- Jhalandhar Araiyan Location of Jhalandhar Araiyan in Punjab Jhalandhar Araiyan Jhalandhar Araiyan (Pakistan) Jhalandhar Araiyan Jhalandhar Araiyan (South Asia) Jhalandhar Araiyan Jhalandhar Araiyan (Earth)
- Coordinates: 31°12′10″N 72°53′32″E﻿ / ﻿31.202895°N 72.892311°E
- Country: Pakistan
- Province: Punjab
- District: Faisalabad
- Time zone: UTC+5 (PKT)
- Postal code: 37360

= Jhalandhar Araiyan, Pakistan =

Village in Pakistan

Jhalandhar Araiyan (Urdu جالندھر آرائیاں ) is a village located 42 km from Faisalabad, in Punjab, Pakistan. It has an elevation of 176 meters above sea level.
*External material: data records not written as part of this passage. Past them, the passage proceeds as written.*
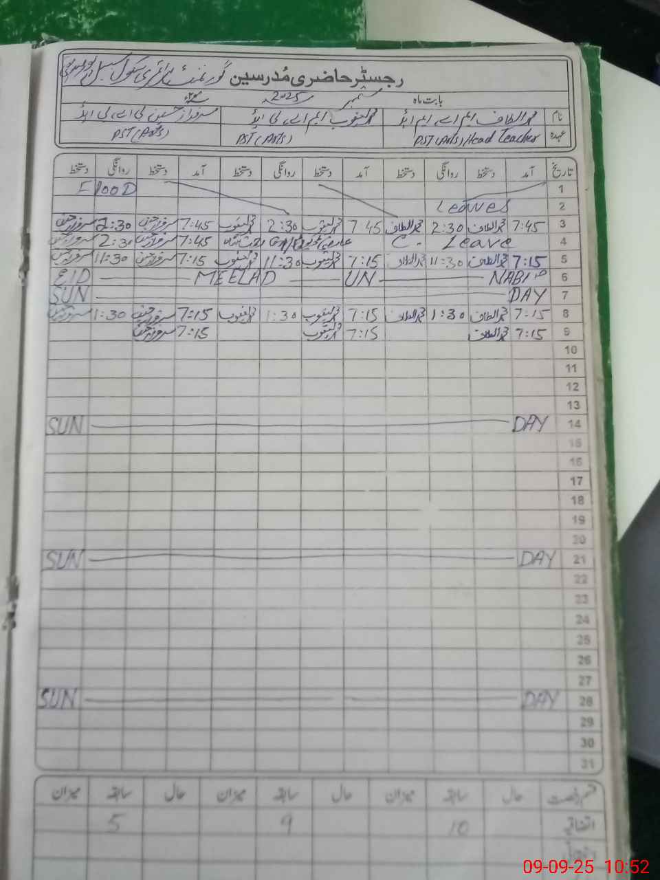 | Name: MU**** AL**** Designation: (School Headmaster's/Headmistress's) PST Phone/Cell Number: 03**** |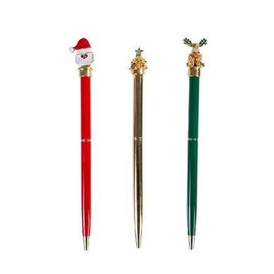 Penna con fantasia natalizia realizzate in metallo lucido.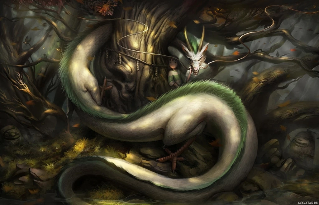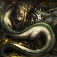 intricate scales and is coiled around the character, creating a sense of intimacy between them. The character stands upright and seems to be interacting with the dragon in some way, possibly engaging in dialogue or offering a treat. This image is commonly associated with fantasy elements and could be related to a story or character from anime or manga genres.

The full name of the village is Chak No. 267 RB Jhalandhar Araiyan. The total population of the village is 12,000+ in 1,500 households. Facilities like electricity, gas, telephone, water, cable, schools, and Internet are available. Residents are all Punjabi, as is their language. It has a central hospital and a mosque named “Bilal Masjid”. The main source of income for the people is farming and cultivation. There are fields of sugarcane, wheat, rice, and a poultry farm as well.